##### SOURCE DATA #####

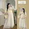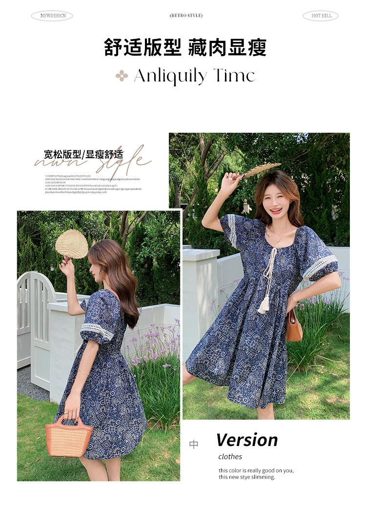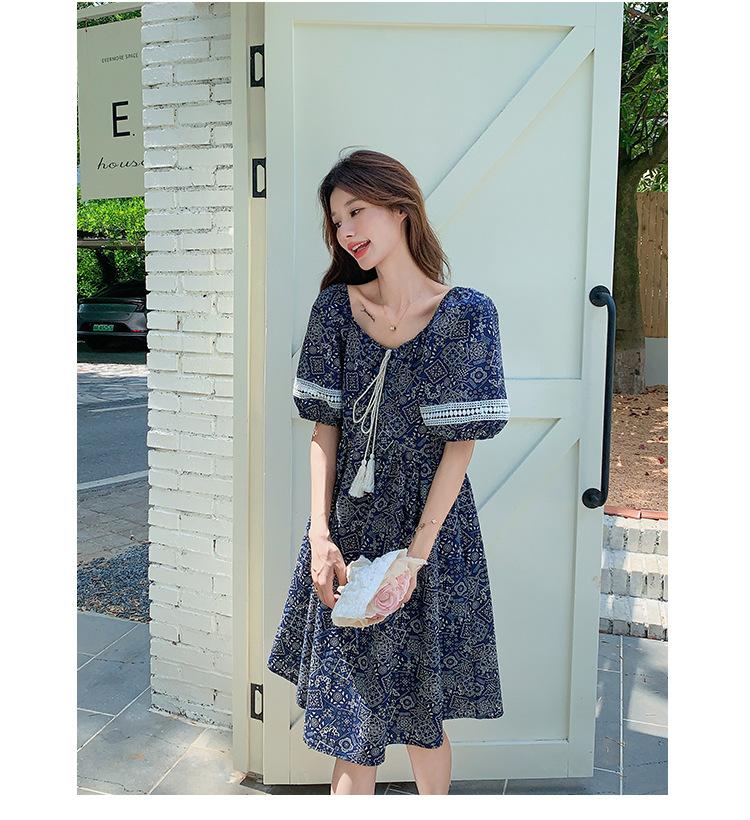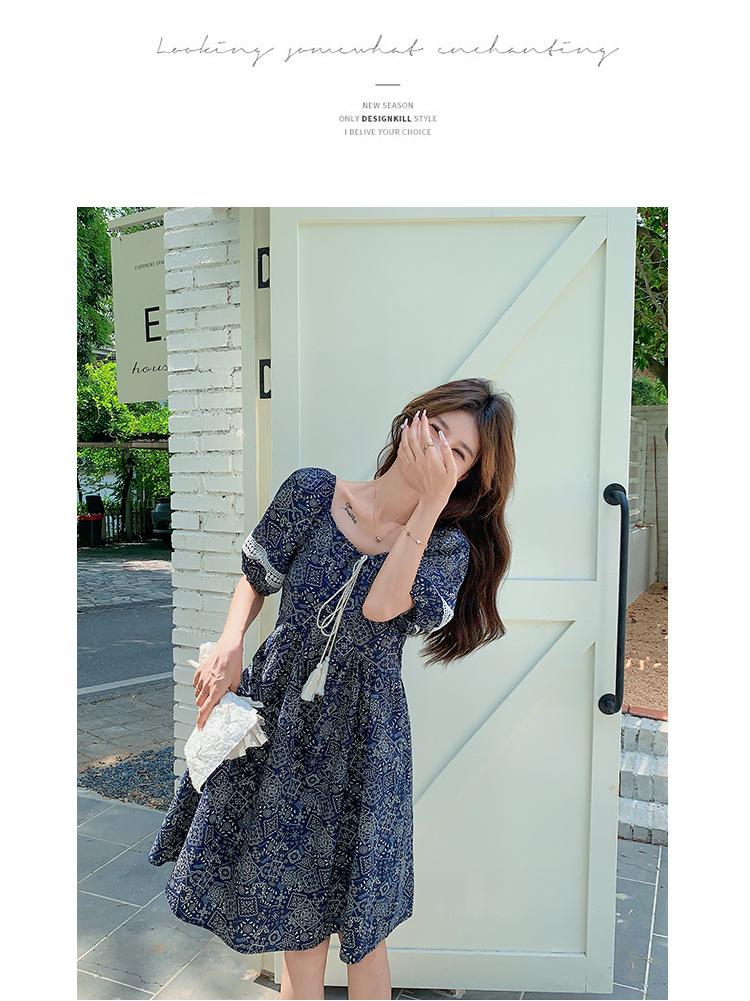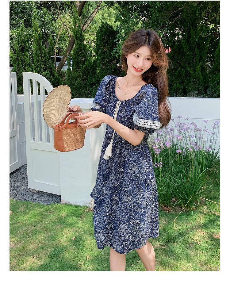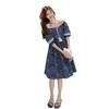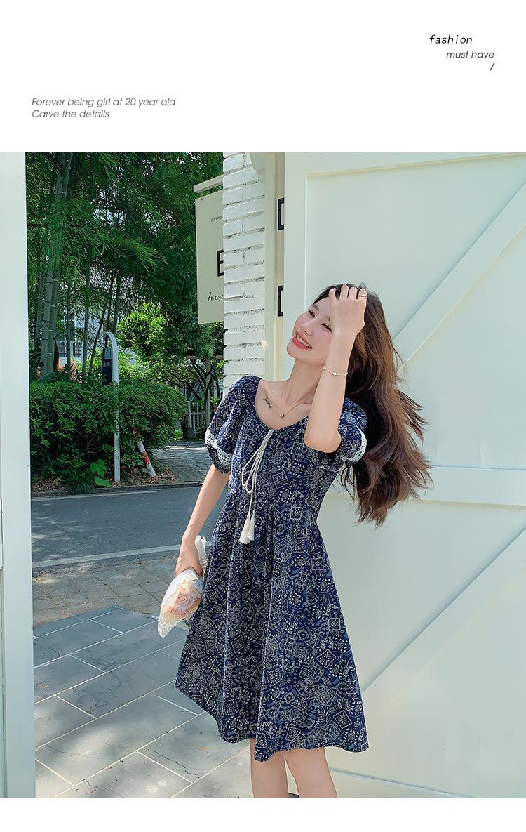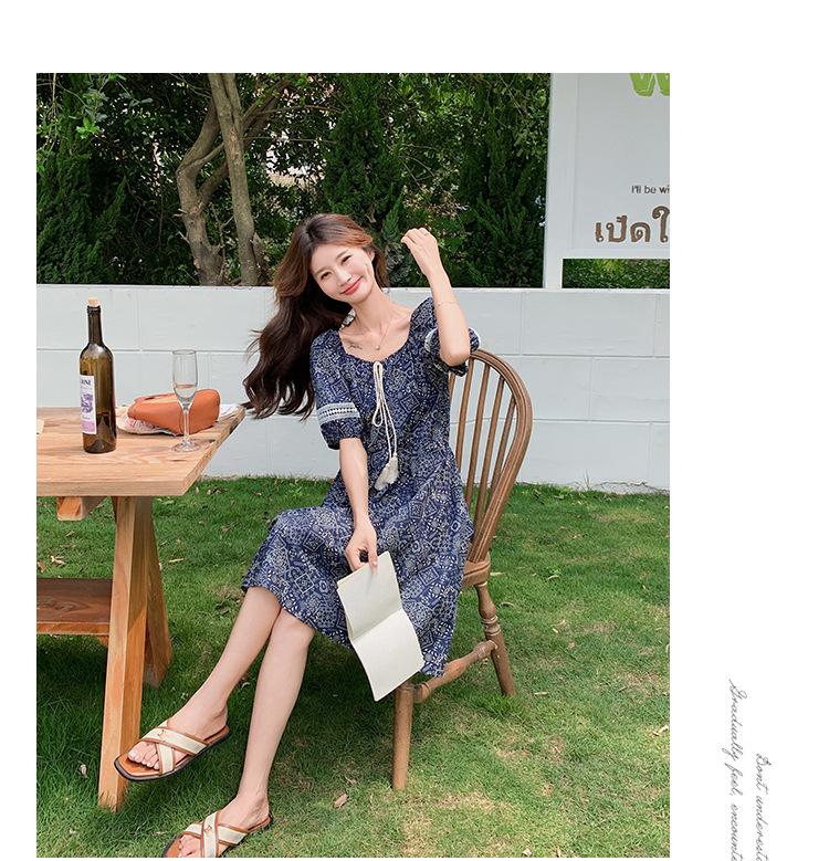 Vestido estampado con hombros azules para mujer, verano 2024, nuevo estilo, elegante, hermoso diseño de costura, corte A, falda.
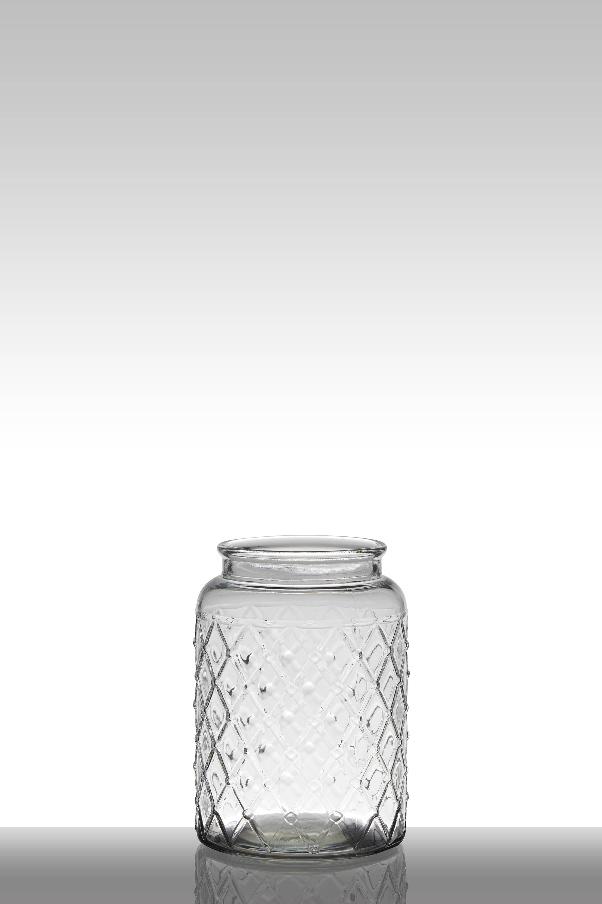 Bougeoir de table en verre ROSIE avec motif losange, cylindre/rond, transparent, 23cm, Ø16cm
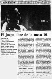 El Juego libre de la mesa 10 [artículo]. Fortín Mapocho (Diario : Santiago, Chile)-- ago. 30, 1987, página 15. 1 página : ilustración en blanco y negro. .
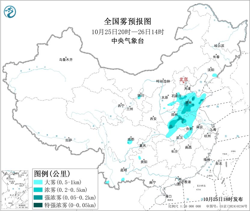 10月25日夜间至26日上午,河北南部、山东大部、河南东部、安徽北部、湖北北部等地有大雾,其中山东西南部、河南东南部等地的部分地区有能见度不足500米的浓雾,局地有能见度不足200米的强浓雾(见图1)。中央气象台10月25日18时发布大雾黄色预警。此外,25日夜间,华北中南部、黄淮中西部等地的部分地区有轻度霾,局地中度霾。26日凌晨起,受冷空气影响,上述地区大气扩散条件逐渐好转。

#####

Quote, exactly and only, the lines from the first line of the data above through the line containing "Bougeoir de table". The pictures do not belong in it.

 Vestido estampado con hombros azules para mujer, verano 2024, nuevo estilo, elegante, hermoso diseño de costura, corte A, falda.
 Bougeoir de table en verre ROSIE avec motif losange, cylindre/rond, transparent, 23cm, Ø16cm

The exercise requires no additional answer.